Notes from the Decline: Quietly quitting on the street where it's not “Safe to Deliver”
A bitter field dispatch from the slippery hillside where labor climbs, billionaires hide, and laminated paranoia tries to pass for hospitality.
Meet the Silicon Valley Suburb’s Delusional Billionnaire
In my neck of the woods there’s this juxtaposition of some signage which goes something like this “I will shoot you!” ‘However, if you are Amazon delivery guy please hike up the steep 200 yard driveway to ‘my 6 bedroom stock-option bought home and deliver my rainbow colored kettle bells….’ yeah I live in THAT neighborhood - and now you know why I have deep suspicion of the crassly wealthy and so should you.
Imagine arriving with your large Amazon truck, having started early that morning for your round and looking up to see not only the steep driveway but two signs.

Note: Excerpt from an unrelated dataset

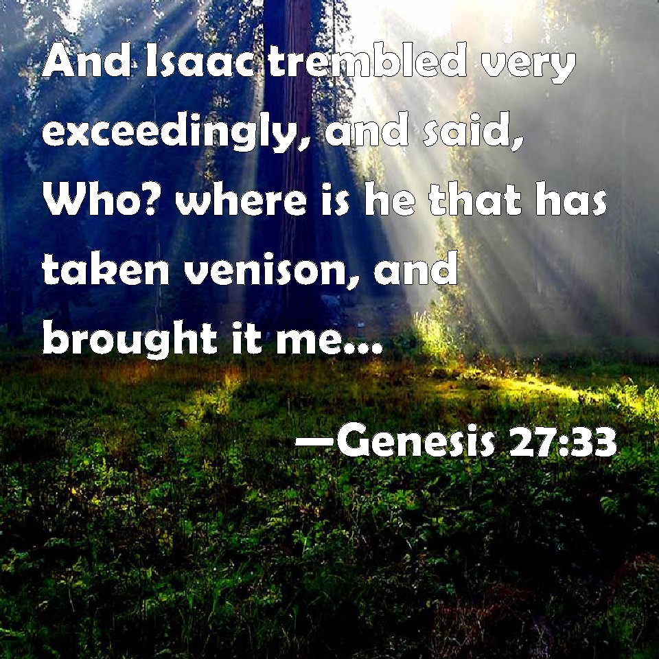 Choose a Background Genesis 27:33 And Isaac trembled very exceedingly, and said, Who? where is he that has taken venison, and brought it me, and I have eaten of all before you came, and have blessed him? yes, and he shall be blessed. KJV: And Isaac trembled very exceedingly, and said, Who? where is he that hath taken venison, and brought it me, and I have eaten of all before thou camest, and have blessed him? yea, and he shall be blessed. DRB: Isaac was struck with fear, and astonished exceedingly: and wondering beyond what can be believed, said Who is he then the even now brought me venison that he had taken, and I ate of all before thou camest? and I have blessed him, and he shall be blessed. DBT: Then Isaac trembled with exceeding great trembling, and said, Who was he, then, that hunted venison and brought it to me? And I have eaten of all before thou camest, and have blessed him; also blessed he shall be. ERV: And Isaac trembled very exceedingly, and said, Who then is he that hath taken venison, and brought it me, and I have eaten of all before thou camest, and have blessed him? yea, and he shall be blessed. WBT: And Isaac trembled exceedingly, and said, Who? where is he that hath taken venison, and brought it me, and I have eaten of all before thou camest, and have blessed him? yea, and he shall be blessed. WEB: Isaac trembled violently, and said, "Who, then, is he who has taken venison, and brought it me, and I have eaten of all before you came, and have blessed him? Yes, he will be blessed." YLT: and Isaac trembleth a very great trembling, and saith, 'Who, now, is he who hath provided provision, and bringeth in to me, and I eat of all before thou comest in, and I bless him? — yea, blessed is he.'Links Genesis 27:33 NIV • Genesis 27:33 NLT • Genesis 27:33 ESV • Genesis 27:33 NASB • Genesis 27:33 KJV • Genesis 27:33 Interlinear • Genesis 27:33 Commentaries • Genesis 27:33 Parallel Texts • Genesis 27:33 Bible Apps • Genesis 27:33 Parallel • Bible Hub |

In your hands is a box of very heavy nonsense to deliver to someone who thinks the American working class is a threat to his curated reality.
At the bottom of the steep driveway?
These. Two. Signs.
“THE OWNER OF THIS PROPERTY IS ARMED. There is nothing inside worth risking your life for.”
And right beside it:
“AMAZON DRIVERS: It is SAFE to deliver to front door. DO NOT leave packages on wall or driveway.”
Ah yes. Safe.
Because nothing says “you’re respected” like a veiled threat posted to a stone wall while you carry three pounds of dog supplements for a man who gets nervous if he hears Spanish.
Why the fuck would you walk up the driveway? Rich people suck with their entitled threats with an entitled after-thought. These people don’t like you, they don’t respect you and if you listen carefully… (it’s not the squeak of the tank you will hear) but their fear of ‘guillotine day.’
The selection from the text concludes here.